### Problem description
Output the whole listing exactly, except for the pictures in it.

### Supplied material
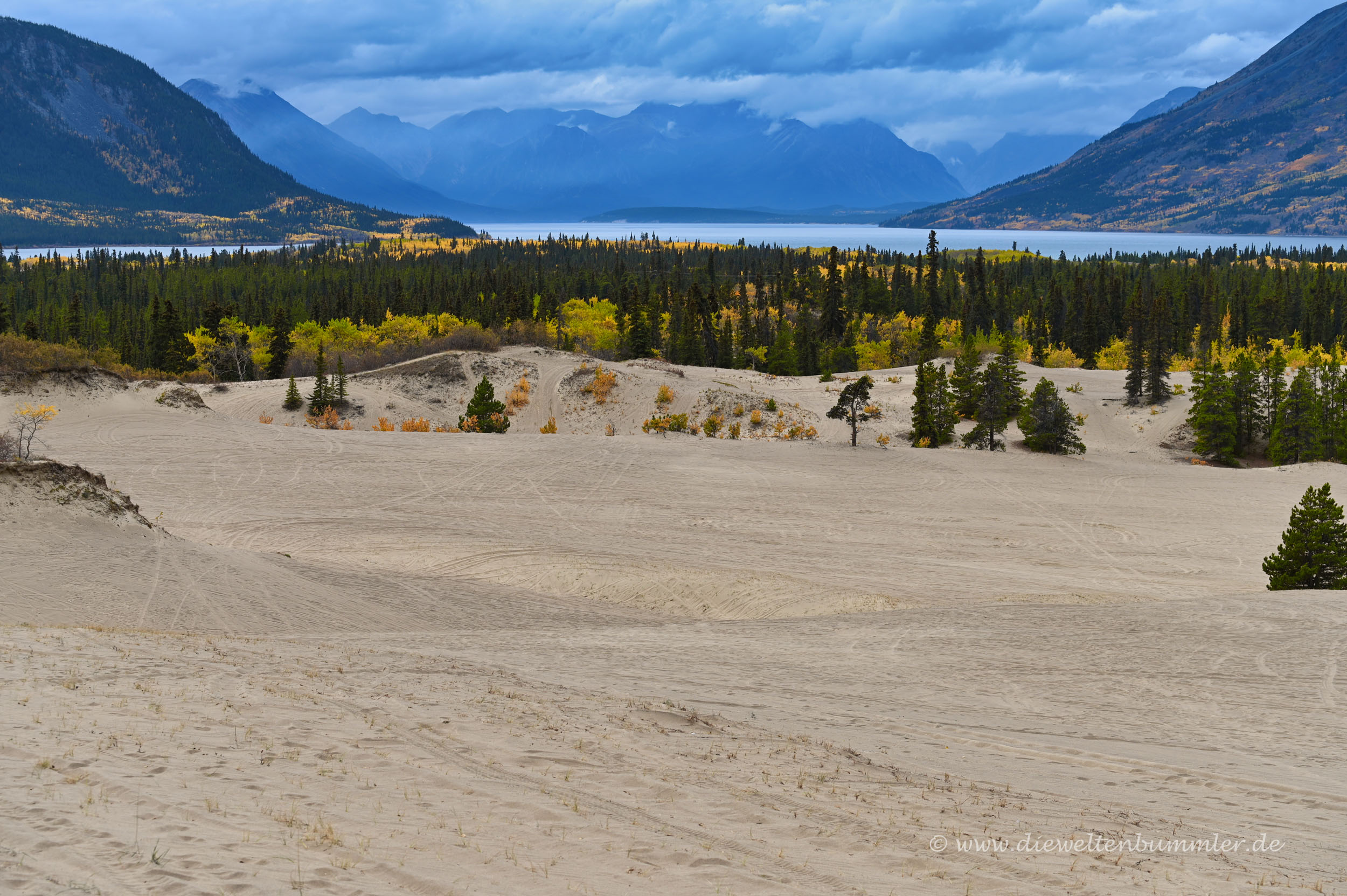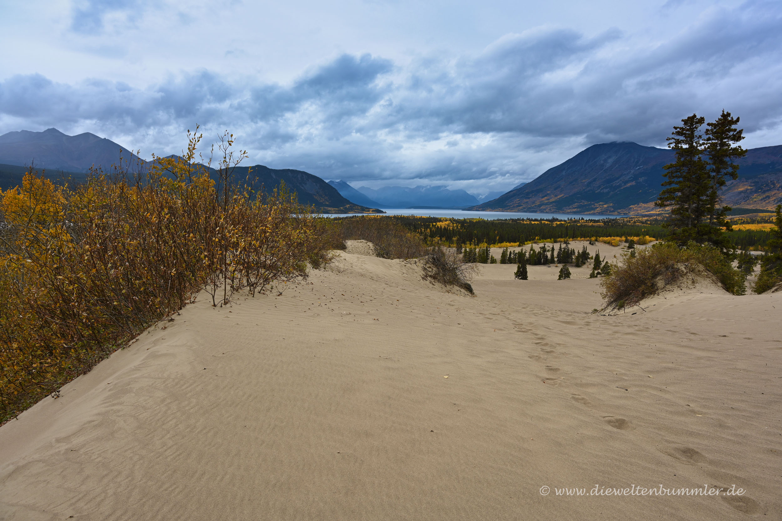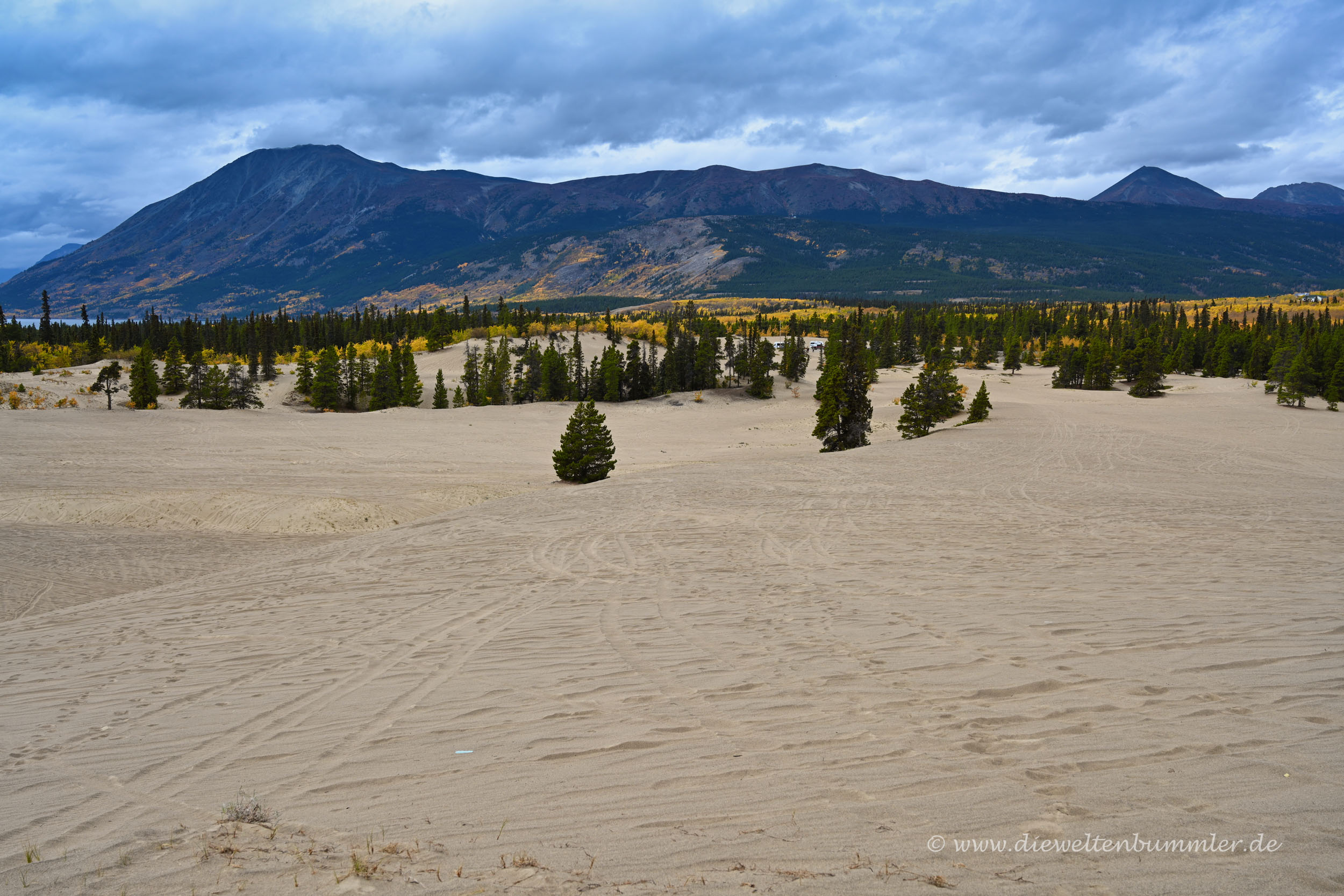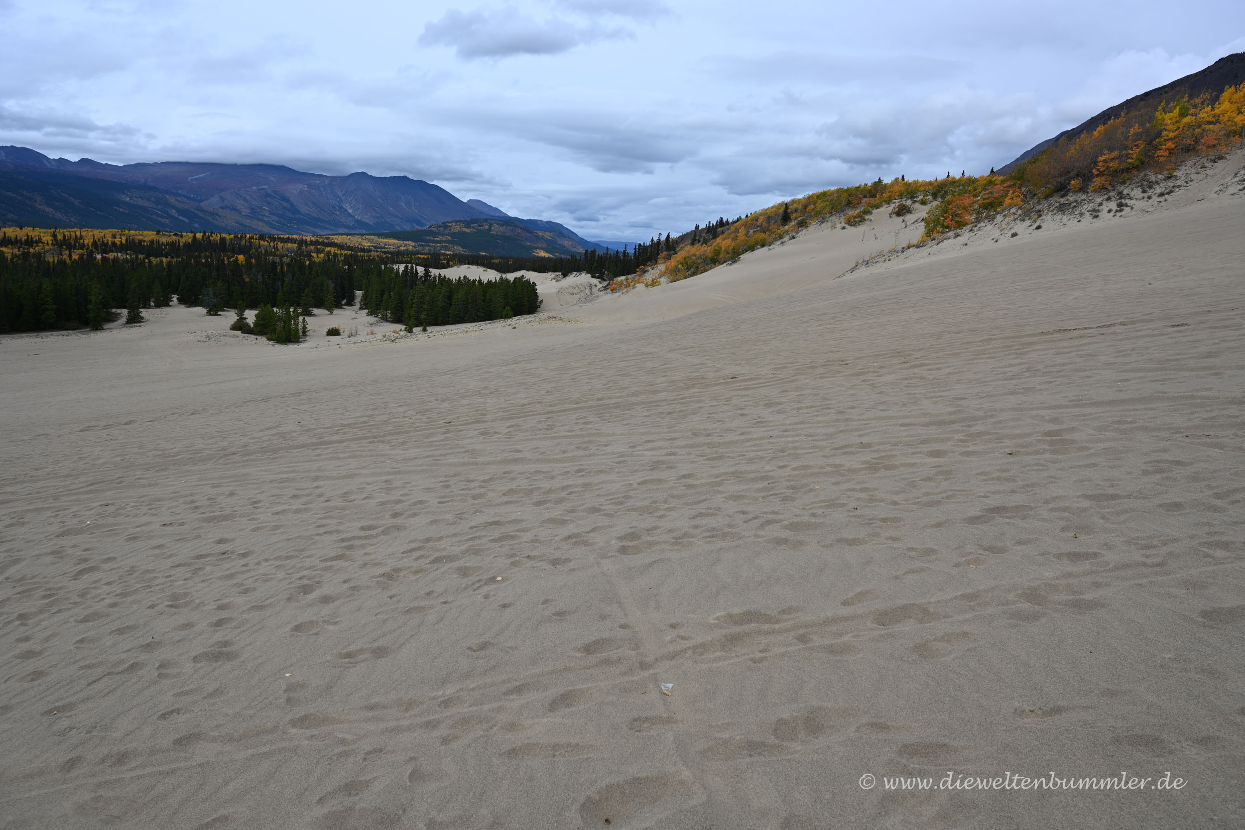 Die Düne ist nicht geschützt und kann frei betreten werden. Vom obersten Punkt aus hat man schließlich einen schönen Überblick auf die sandige Landschaft, die wiederum von den hohen Bergen im Yukon umgeben ist. In nicht allzu weiter Ferne erblickt man dann auch noch den Lake Bennett, der sich vor der Gebirgskulisse abzeichnet. Einfach nur schön.
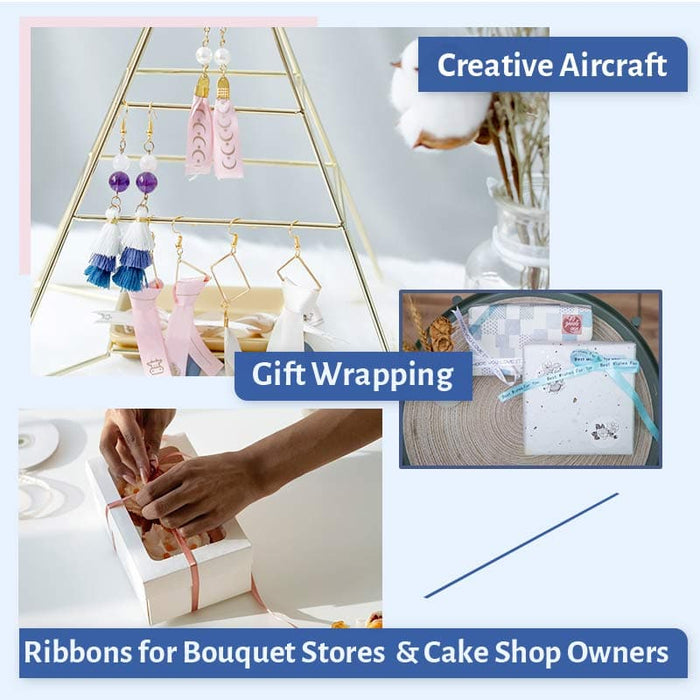 - Fita de etiqueta de fita de cetim: Brasagem 100% polietileno. Macio, resistente e plissado para uma caixa de presente decorativa "faça você mesmo".
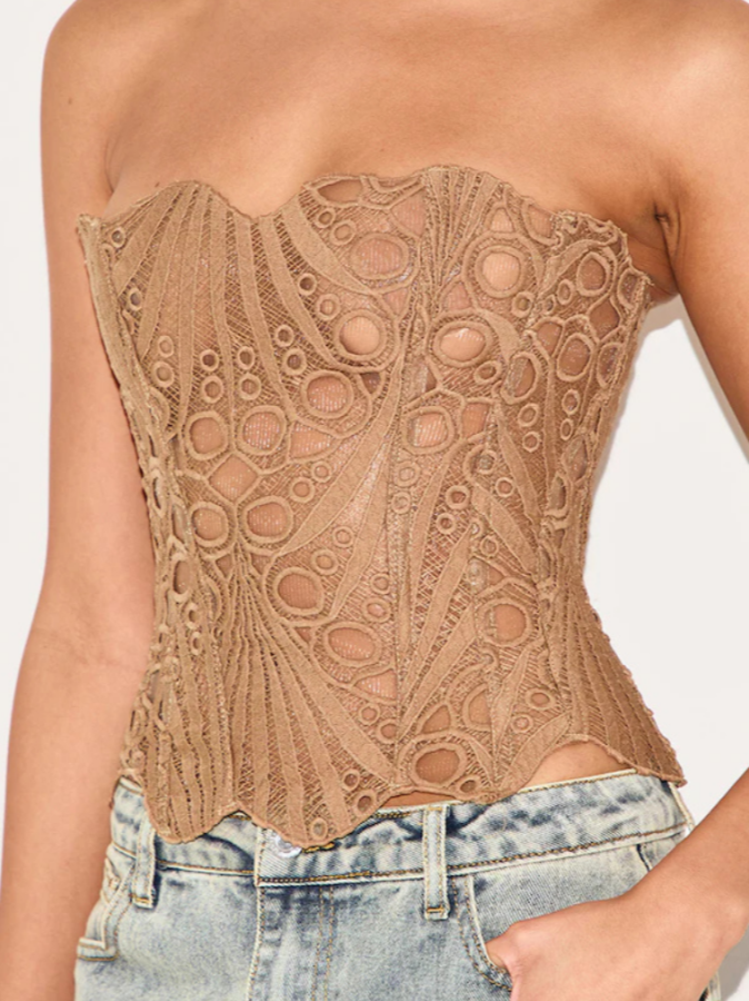 Our Corset is where couture artistry meets modern femininity. Designed with a sculpted silhouette and intricate cutout embroidery, this strapless piece flatters your figure while making a bold style statement. The structured design offers light support and a cinched waist effect, highlighting your natural curves with elegance.

### Solution for this task
 Die Düne ist nicht geschützt und kann frei betreten werden. Vom obersten Punkt aus hat man schließlich einen schönen Überblick auf die sandige Landschaft, die wiederum von den hohen Bergen im Yukon umgeben ist. In nicht allzu weiter Ferne erblickt man dann auch noch den Lake Bennett, der sich vor der Gebirgskulisse abzeichnet. Einfach nur schön.
 - Fita de etiqueta de fita de cetim: Brasagem 100% polietileno. Macio, resistente e plissado para uma caixa de presente decorativa "faça você mesmo".
 Our Corset is where couture artistry meets modern femininity. Designed with a sculpted silhouette and intricate cutout embroidery, this strapless piece flatters your figure while making a bold style statement. The structured design offers light support and a cinched waist effect, highlighting your natural curves with elegance.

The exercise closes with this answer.